Both quinine and digitalis illustrate the successful incorporation of clinically effective treatments into conventional medical practice following their initial discovery as a folk remedy. Sometimes, however, the clinical effectiveness of plant ingredients originally encountered as folk remedies remains to be proven. An example of this is ginseng, the name given to a group of slow-growing perennial plants of the genus panax, native to North America and eastern Asia.

Flowering ginseng plant, with leaves and root also shownFlowering ginseng plant, with rootThe root of the ginseng plant was, and is, highly prized in the Far East as an aphrodisiac and stimulant.
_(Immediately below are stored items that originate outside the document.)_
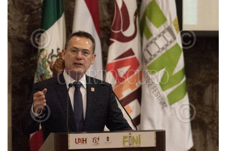 PACHUCA, HIDALGO, 03MAYO2019.- Adolfo Pontigo Loyola, rector de la Universidad Autónoma del Estado de Hidalgo (UAEH), encabezó esta tarde la inauguración oficial del Festival Internacional de la Imagen (FINI) 2019, en el auditorio del Centro Cultural Universitario La Garza. FOTO: MARIO JASSO /CUARTOSCURO.COM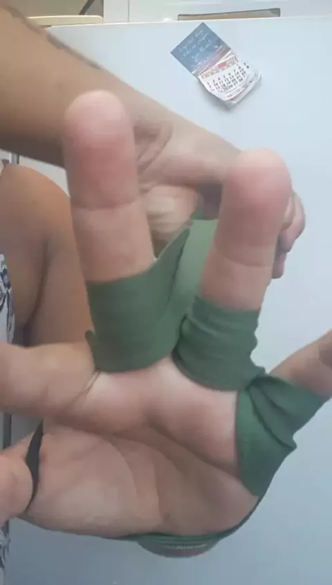 Colocando a tala da luva de boxe🥊
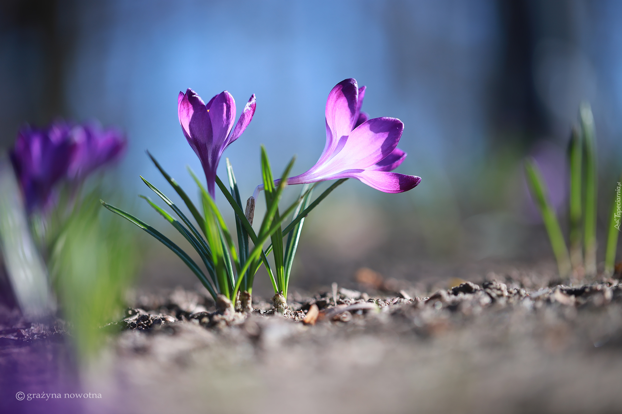Edytor tapety: Kępka rozkwitających fioletowych krokusów w słonecznym blasku

European Jesuit missionaries travelling in China in the 17th century noted that its supply was a closely guarded and lucrative monopoly of the Chinese emperor, the plant being gathered by state employees from fenced plantations, kept under armed guard.

As the root was widely regarded in China as a cure-all, or panacea (hence the later Linnean name for the genus, panax), strenuous efforts were made by European travellers to identify an obtainable source of ginseng, and in 1718 Michel Sarrazin (1659-1734), a French-Canadian surgeon, sent an account of a North American variant to the French Académie Royale des Sciences.

French merchants in Quebec soon engaged a network of indigenous gatherers to supply them with roots of North American ginseng for export to China, and the trade initially proved to be highly profitable. 

However, a combination of oversupply and Chinese dissatisfaction with what was judged by many customers to be an inferior product to Asian ginseng led to a decline in the value of the North American plant, and by 1818, when Massachusetts doctor Jacob Bigelow (1787-1879) published his American medical botany, it was of little economic importance to the United States or to Britain’s Canadian colonies.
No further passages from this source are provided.